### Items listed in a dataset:
========================================

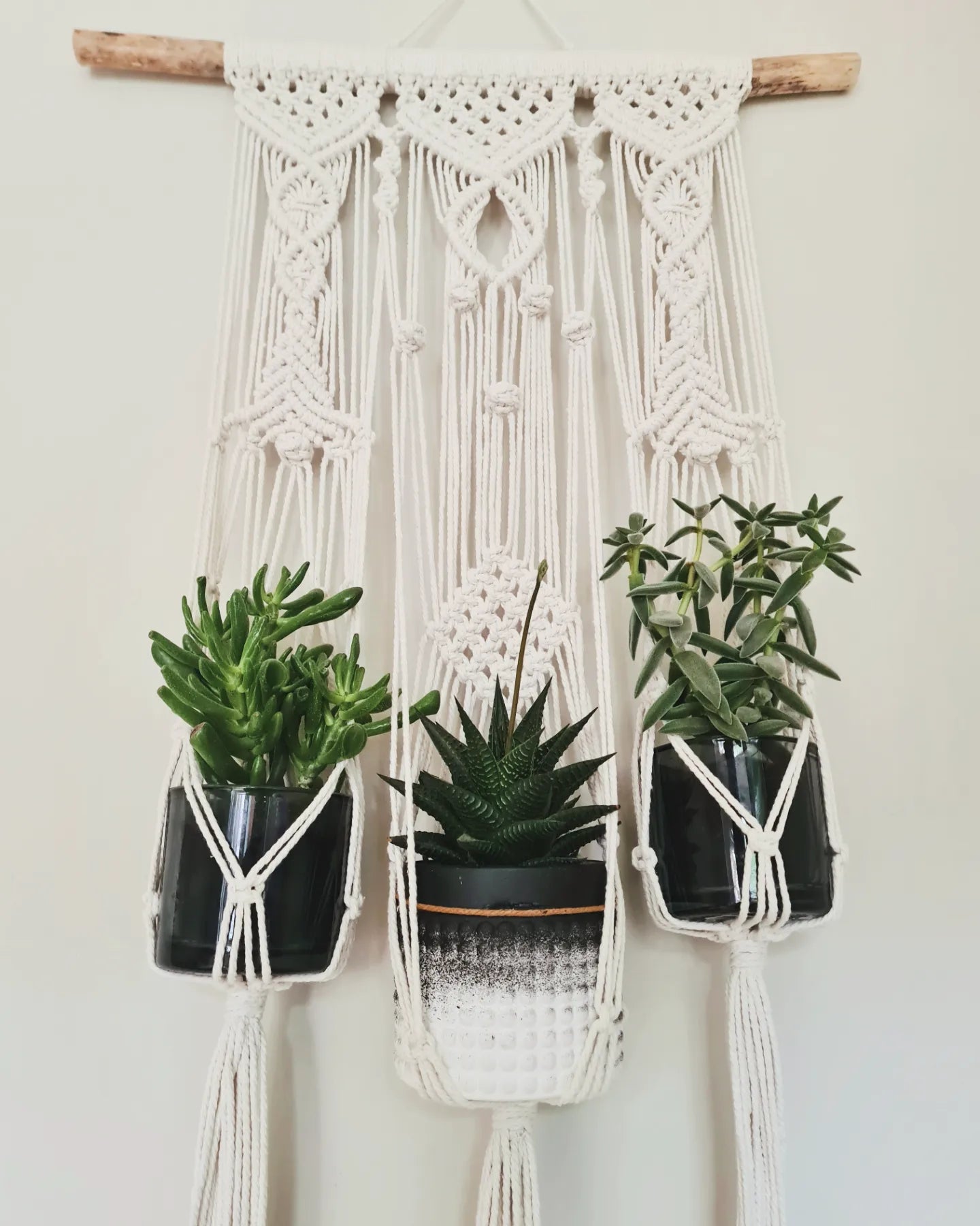 Make a bold botanical statement with this eye-catching triple macramé plant hanger, hand-knotted with love to create a stunning vertical garden display. Suspended from a natural wood, this piece features three tiers of intricate macramé work that cascade beautifully down your wall, each tier ready to cradle your favorite potted plants.
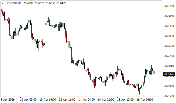 Vývoj měnového páru USD/CZK (1hodinový graf - H1):
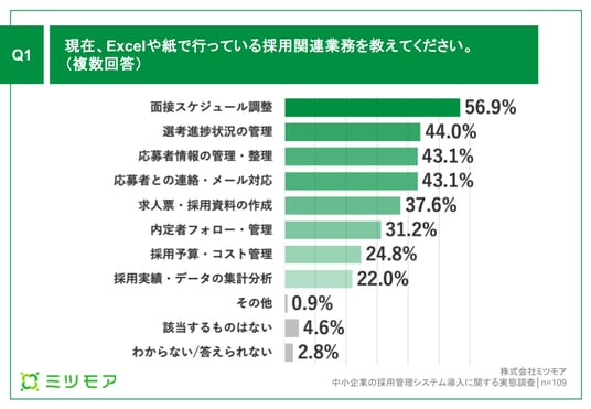 「Q1.現在、Excelや紙で行っている採用関連業務を教えてください。(複数回答)」(n=109)と質問したところ、「面接スケジュール調整」が56.9%、「選考進捗状況の管理」が44.0%という回答となりました。
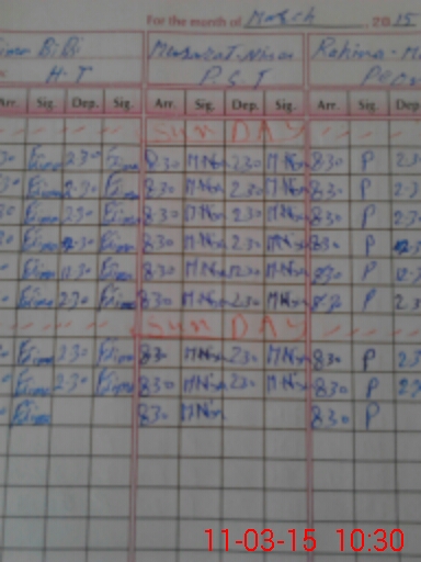 | Monitoring Date: 11-03-2015 | Start Time: 11-03-2015 10:20 AM | End Time: 11-03-2015 10:33 AM | Name of MEA: Ma**** Ah**** -S**** | |
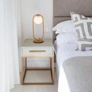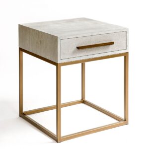 Mesita de noche de roble color blanco grisáceo patinado con estructura metálica dorado envejecido. Mesita de noche con cajón. Pieza con lineas rectas y cuidadas.
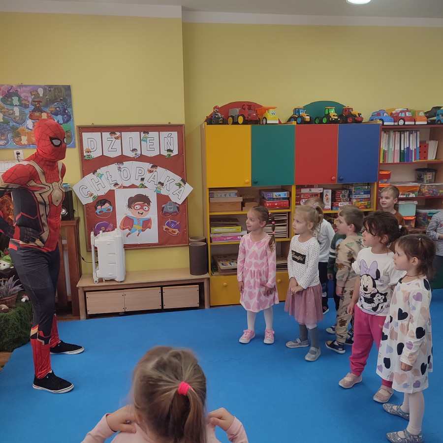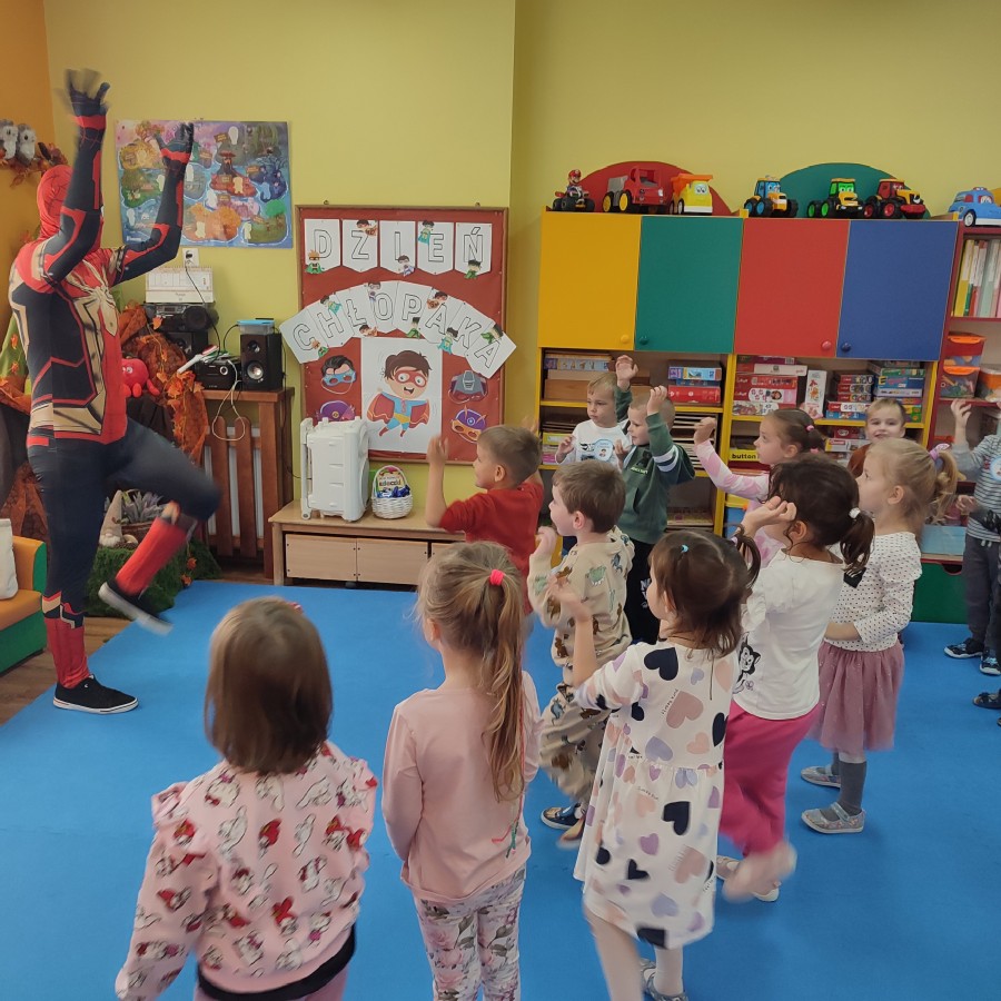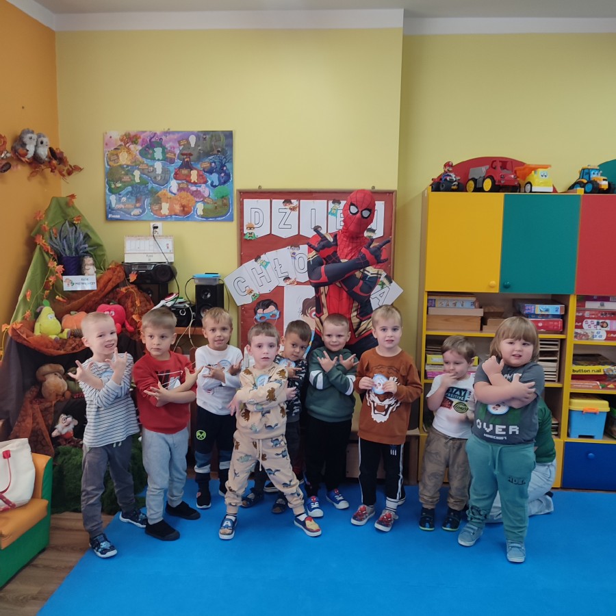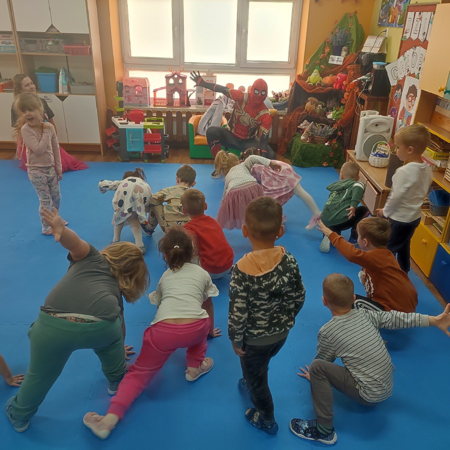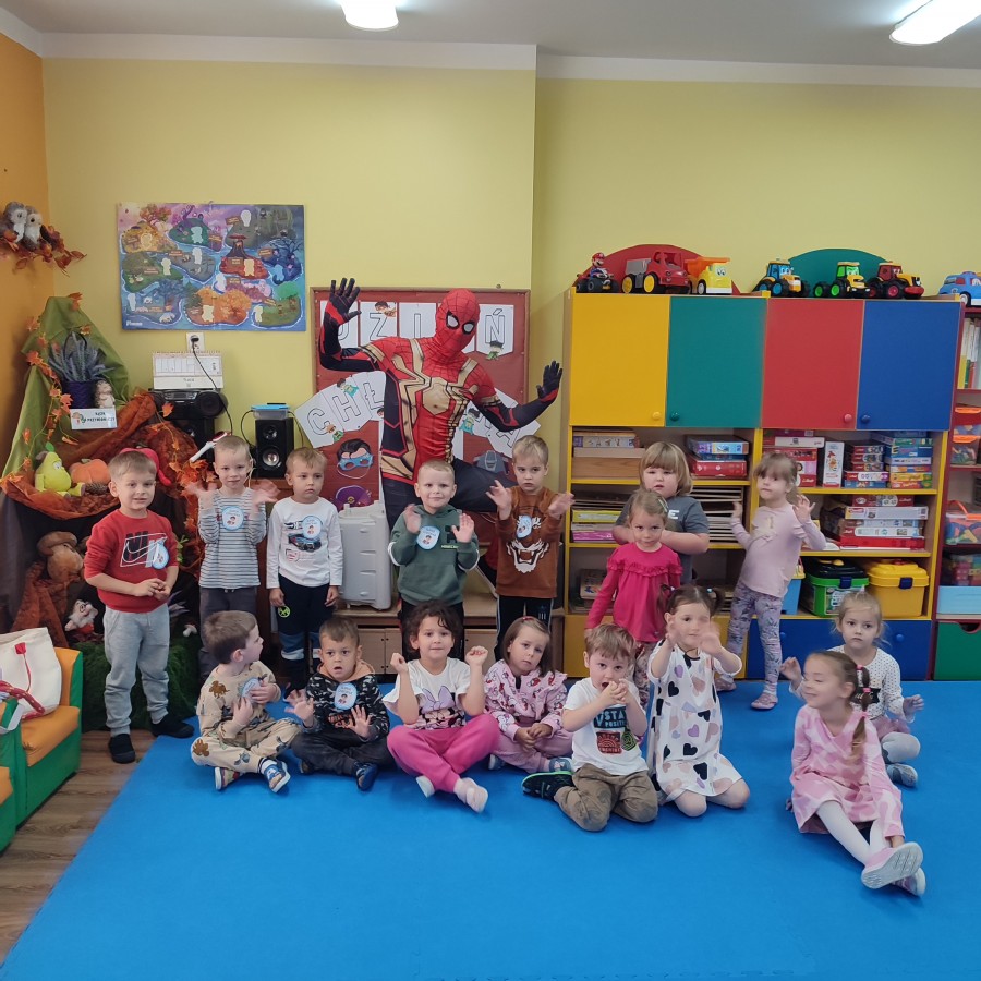 Gośćmi specjalnymi byli niezwykli bohaterowie – Spider-Man i Blue, którzy odwiedzili przedszkolaków, wywołując ogromną radość i zachwyt. Wspólne zabawy, tańce i konkursy sprawiły, że czas upłynął w atmosferze śmiechu i wspaniałej zabawy.
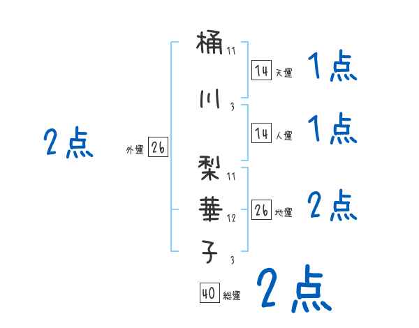 外運![]() | 桶川梨華子さんの外運は26画の2つ星!波瀾万丈かも。信頼できる人を大事にしましょう。 生活面を象徴する運勢です。外部から受ける影響力を表し、結婚運、家庭運や職場、環境への順応性を表します。 |

========================================

### Work item:
Word for word, copy the lines from the one with "Vývoj měnového páru" through the end of the entries above, and do not include any picture.

### Written response:
 Vývoj měnového páru USD/CZK (1hodinový graf - H1):
 「Q1.現在、Excelや紙で行っている採用関連業務を教えてください。(複数回答)」(n=109)と質問したところ、「面接スケジュール調整」が56.9%、「選考進捗状況の管理」が44.0%という回答となりました。
 | Monitoring Date: 11-03-2015 | Start Time: 11-03-2015 10:20 AM | End Time: 11-03-2015 10:33 AM | Name of MEA: Ma**** Ah**** -S**** | |
 Mesita de noche de roble color blanco grisáceo patinado con estructura metálica dorado envejecido. Mesita de noche con cajón. Pieza con lineas rectas y cuidadas.
 Gośćmi specjalnymi byli niezwykli bohaterowie – Spider-Man i Blue, którzy odwiedzili przedszkolaków, wywołując ogromną radość i zachwyt. Wspólne zabawy, tańce i konkursy sprawiły, że czas upłynął w atmosferze śmiechu i wspaniałej zabawy.
 外運![]() | 桶川梨華子さんの外運は26画の2つ星!波瀾万丈かも。信頼できる人を大事にしましょう。 生活面を象徴する運勢です。外部から受ける影響力を表し、結婚運、家庭運や職場、環境への順応性を表します。 |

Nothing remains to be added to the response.